Quand on est une femme et qu’on appartient à une bonne famille au début du XXe siècle, il n’est pas bon de défier les conventions
Une jeune femme, Iris, hérite malgré elle d’une grand-tante dont elle n’avait jamais entendu parler auparavant. Esme Lennox n’a pas disparu : à 17 ans, elle a été enfermée dans un asile situé à quelques minutes de chez elle et a été simplement effacée de l’histoire familiale. Ses parents avaient en effet une façon bien particulière de régler les problèmes : ils interdisaient tout bonnement de prononcer le nom de celui ou celle qui en était la source. Lorsque le petit frère meurt, victime d’une épidémie, ils le bannissent du souvenir familial jusqu’à ne plus prononcer son nom ; lorsqu’ils eurent assez des frasques de leur fille, ils firent de même. L’enfermement à vie est comme la mort.
Si Esme avait été vraiment dérangée, peut-être qu’on ne lui aurait pas fait payer un prix aussi fort. Mais bien que, grâce aux souvenirs de son enfance indienne, on la devine un peu “spéciale”, la vraie folie d’Esme est de refuser les conventions sociales, les règles et les carcans que l’on impose aux femmes et qu’elles s’imposent à elles-mêmes. Aller à l’école le temps d’apprendre à lire et compter, puis à l’adolescence courir les bals et les invitations afin de se trouver un mari, devenir une épouse discrète et fertile, pour finir par tourner en rond dans une maison dont l’entretien est pris en charge par toutes sortes de domestiques, et vieillir puis mourir seule pendant qu’au-dehors le monde tourne, évolue, découvre et conquiert.
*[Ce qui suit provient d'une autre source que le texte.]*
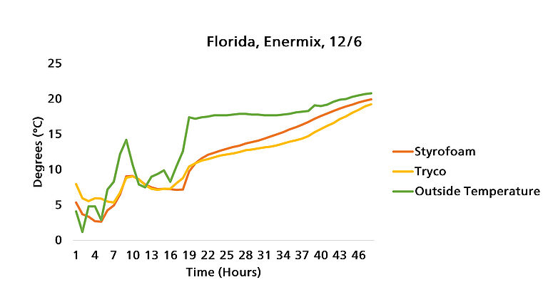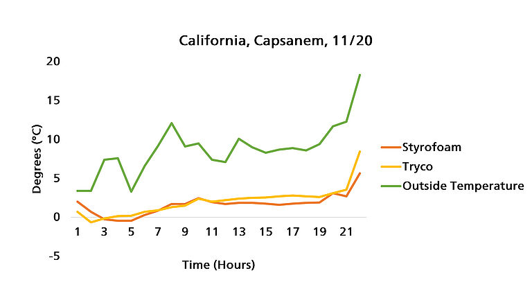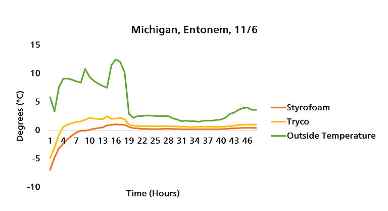 Our numerous trials from November to December have shown that the Tryco boxes worked just as well as the Styrofoam boxes. In some cases, they outperformed the Styrofoam packaging in maintaining the required temperature for transportation. We conducted our trials by shipping both types of packaging to clients located in some of our country’s warmest climates. For the most part, we chose locations with the greatest distance from our Howell, Michigan location. These locations included California, Florida, Michigan, and Georgia.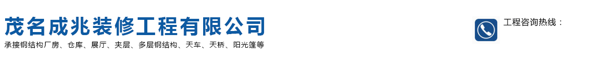 茂名成兆裝修工程有限公司具有鋼結構制造和鋼結構安裝的專業公司。從事鋼結構工程的設計、制造、安裝施 工及鋼結構材料的銷售。主要承接鋼結構廠房、倉庫、展廳、夾層、多層鋼結構、天車、天橋、陽光篷等鋼結 構工程;配套土建、水電安裝、廠房改造、維修等工程項目。

Esme, rebelle, échevelée, bruyante, envahissante, veut, elle, continuer ses études. Il fut un temps où les femmes qui sortaient de l’ordinaire et violaient les règles étaient jugées et brûlées en tant que sorcières. À une autre époque, plus tardive, ces mêmes femmes étaient tout simplement déclarées démentes.
Cependant, même si on devine qu’Esme et sa sœur Kitty symbolisent les deux évolutions possibles proposées aux femmes de bonne famille au début du XXe siècle, Maggie O’Farrell ne cherche pas tant à nous décrire une société sexiste, ceci dans une démarche plus ou moins féministe, qu’à mettre au jour le côté obscur des raisons qui ont poussé une famille à faire enfermer l’un de ses membres.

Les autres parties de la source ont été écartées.